Пацаны жили по армейскому расписанию, опекаемые сержантами ходили в дозоры, несли службу, осваивали кухонные обязанности, занимались физической подготовкой, а Сашка со Славой Дзуговым познавали жизнь офицеров в этой прокаленной долине, избавляясь от зноя и пыли ежевечерней баней, от однообразия буден долгими разговорами за стремительно уменьшающимися запасами коньяка.

Эти разговоры заканчивались далеко за полночь, что, впрочем, не мешало и командиру заставы, и остальным офицерам как положено нести службу, демонстрируя недюжинное здоровье и выносливость.

Для гостей же короткий сон, ранние подъемы и застегнутая на все пуговицы форма казались иезуитской пыткой, которую они с трудом – только по крайней необходимости – выдерживали…

Накануне отбытия приехал не утративший жизнерадостности Арик.

На этот раз он привез с собой комсорга погранотряда и десятилитровую канистру с таким же отменным коньяком, и эта ночь была бессонной, запомнилась мудрыми словами длинных кавказских тостов и долгим прощанием, отчего обратная дорога и Ереван, по которому на этот раз медленно и по специальному маршруту их провезли гостеприимные хозяева, выпали из памяти. Осталось лишь впечатление от горького сожаления экскурсовода, молодой яркой армяночки, об армянской горе Арарат, возвышающейся совсем рядом и все же за пограничной полосой, при том, что она является свидетелем многовековой истории этого древнего христианского народа… (Государство Урарту, развалины Эребуни и сегодняшний Ереван, основанный в 782 году до нашей эры, смотрящий в сторону Арарата, – как не гордиться такой историей…)

В поезде они со Славой отпаивали себя кефиром, крепким чаем и даже не пытались заигрывать с проводницами, предаваясь неторопливым разговорам, сну и ощущая некое объединяющее их родство, которое возникает от совместно пережитого.
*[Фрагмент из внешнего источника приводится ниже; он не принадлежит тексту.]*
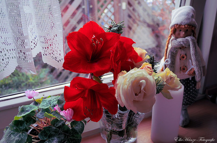 Von Weihnachtsnarzissen habe ich leider noch nie etwas gehört. Sie sehen so bezaubernd aus, liebe Elke. Auch mein Weihnachtsstern hat es geschafft, wobei er jetzt allerdings beginnt, Blätter zu verlieren. So ein bisschen Farbe bei den Zimmerpflanzen tut gut, vor allem, wenn es, wie jetzt, in Strömen regnet und dunkel ist.

Дзугов был похож на Сашкиного двоюродного брата (и тоже ведь Слава!) – такой же уверенный в себе, нравящийся женщинам, ненавязчиво внимательный и корректный. Он совсем не вписывался в типаж комсомольского функционера. К концу поездки Сашка наконец догадался, отчего: у Славы напрочь отсутствовал карьеристский дух, без которого комсомольский лидер был просто немыслим. А отсутствовал он по причине семейного воспитания (единственный сынок в генеральской семье, все получал само собой, без напряжения и усилий), фамильной влиятельности и внешности. Он легко и не особо утруждаясь учился, без медали, но с вполне приличным аттестатом закончил школу, а затем с неплохим средним баллом и институт. Не слишком перебирая, дружил, отчего среди его знакомых были и уголовники, выросшие из друзей по двору, и дипломаты, названивающие ему из жарких африканских стран.

Он охотно позволял в себя влюбляться всем желающим (а таких было немало), не ощущая себя обязанным ни до, ни после каких бы ни было отношений, поэтому уже пару раз был ненадолго женат, уступив натиску наиболее настойчивых поклонниц, правда, без всяких штампов в паспорте. Ушедшие женщины отзывались о нем нелицеприятно, обвиняя в мужском бессилии. Но те, кто еще не утратил надежду на законный брак, были убеждены, что это низкая не более чем недостойная месть…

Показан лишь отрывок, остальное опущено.